Who needs LA when your heart is in the Cotswolds?

I had to make a speech yesterday evening. It was at a fundraising event for my charity The Starlight Children’s Foundation. I’ve made speeches before, many of them with the same purpose – to explain what the charity does and why I started it, so I’m not usually nervous. But this was different.

Firstly, it was at Blenheim Palace (a grander venue would surely be hard to find?) and, secondly, this was my first speech in two years since the pandemic struck.

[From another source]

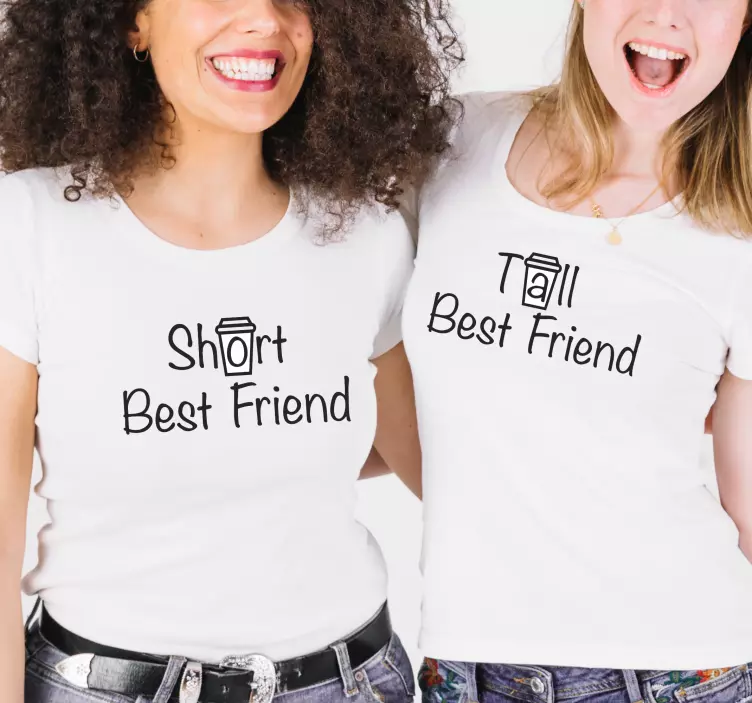 Reference: T4553This image features two friends wearing matching shirts that humorously label their heights. One shirt states 'Short Best Friend' while the other reads 'Tall Best Friend'. The playful text emphasizes their camaraderie and connection.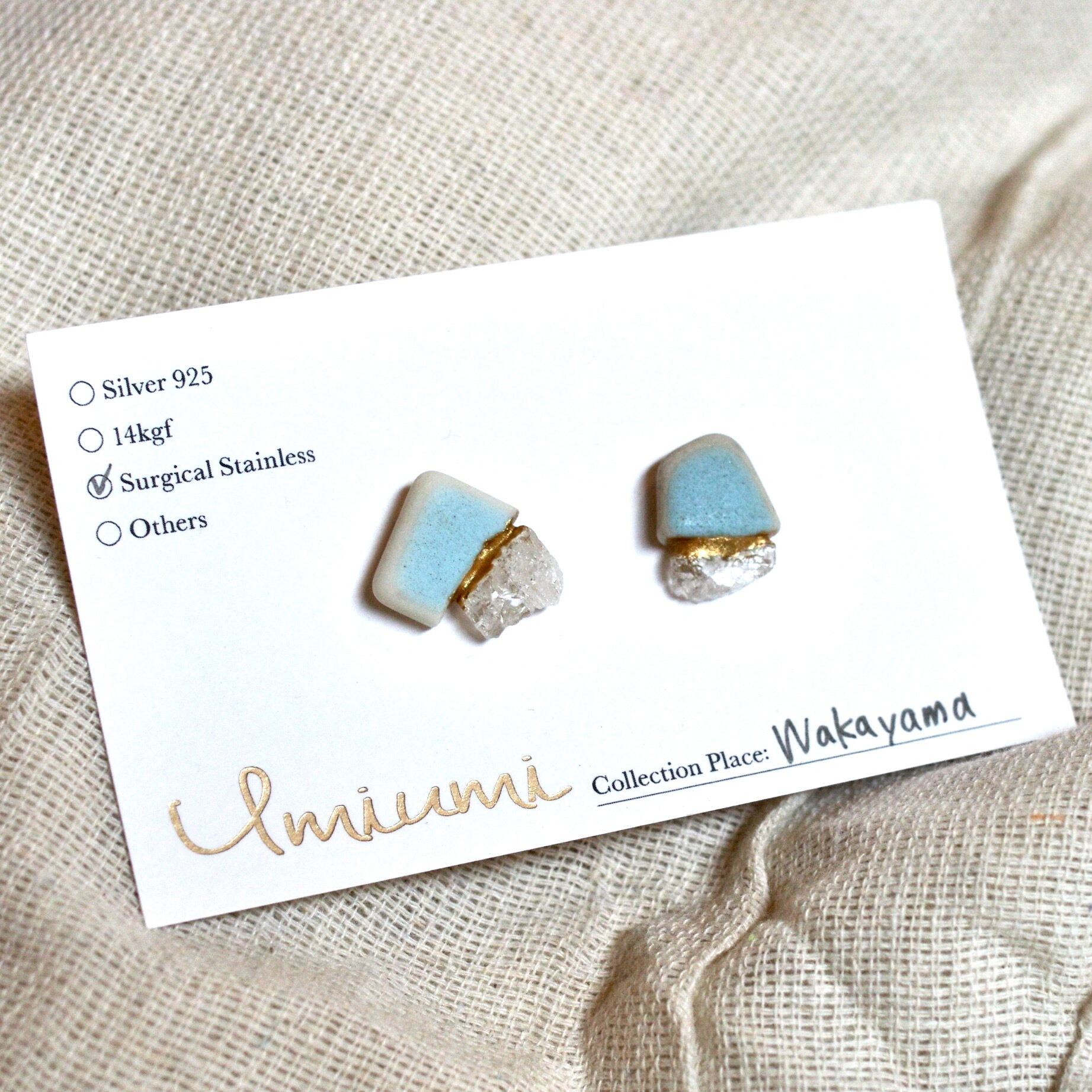 海辺に漂着した陶器の欠片×沖縄・琉球ガラスの破片の金継ぎピアス(ブルー×ホワイト)/UMIUMI

I’ve always thought that speeches should either be entirely read out or entirely memorised. And, if it’s a very personal one, as mine usually are, reading it might seem insincere. Trying to do it from memory but having your written speech in your hand, in case your mind suddenly goes blank, only provides a false sense of security as the chances that you’ll be able to find exactly the right spot on the right page, without saying ‘Forgive me’ a few times, are slim. Boris Johnson’s references to Peppa Pig also demonstrate that ad-libbing is usually unwise.

So, last week I dusted off a few brain cells, wrote the speech and then started the task of memorising it. You might think that, as an actress who’s spent her whole career learning pages and pages of dialogue, that talking about something familiar for four minutes would be a breeze, but mental exercise, like physical exercise needs to be maintained – and without recent, regular acting work, I’d say I had definitely got a bit ‘flabby’ in that department.

Luckily, I have a few tricks up my sleeve – mnemonic devices as they call them – that have really helped a lot over the years. For example, if in one sentence you are talking about a person and then the next sentence is a whole new, seemingly unrelated topic such as motor-racing, all you have to do is visualise the person you were talking about sitting in a racing car, then the connection is, irrevocably, made.

I’ve also learned that you have to factor in the terror. Even if you’re word-perfect at home, the moment you’re on a hushed film set and all the cameras are pointed at you, or if you’re suddenly looking at the expectant faces of a live audience, your words may fail you. Excessive practise, out loud and in front of tolerant friends and family, is the golden rule.

The only time I’ve flouted this rule is when I’d been on the same television show long enough to feel relaxed in front of their cameras. After a couple of years on General Hospital, the terror receded and, if I had fewer than 20 pages to memorise, I found I could learn them whilst I was getting my hair done that morning. Any friends who were visiting me at the studio would get stage-fright-by-proxy when they realised how tenuous my grasp was on the lines I needed to deliver that day. But, more often than not, I got away with it.

And, thankfully, I think I got away with it last night at Blenheim Palace. I didn’t even take a copy of my speech up on stage with me because, these days, the added complication of having to put on my reading glasses to find any forgotten words, made that far too complicated. They gave me a podium to lean on (I love a podium) and, crucially, the 200 or so people in the audience were wonderfully quiet and attentive. Even better, they were extraordinarily generous during the charity auction later that evening, which will allow Starlight to help thousands of seriously ill children and their families this year.

Definitely worth the terror of a bit of public speaking.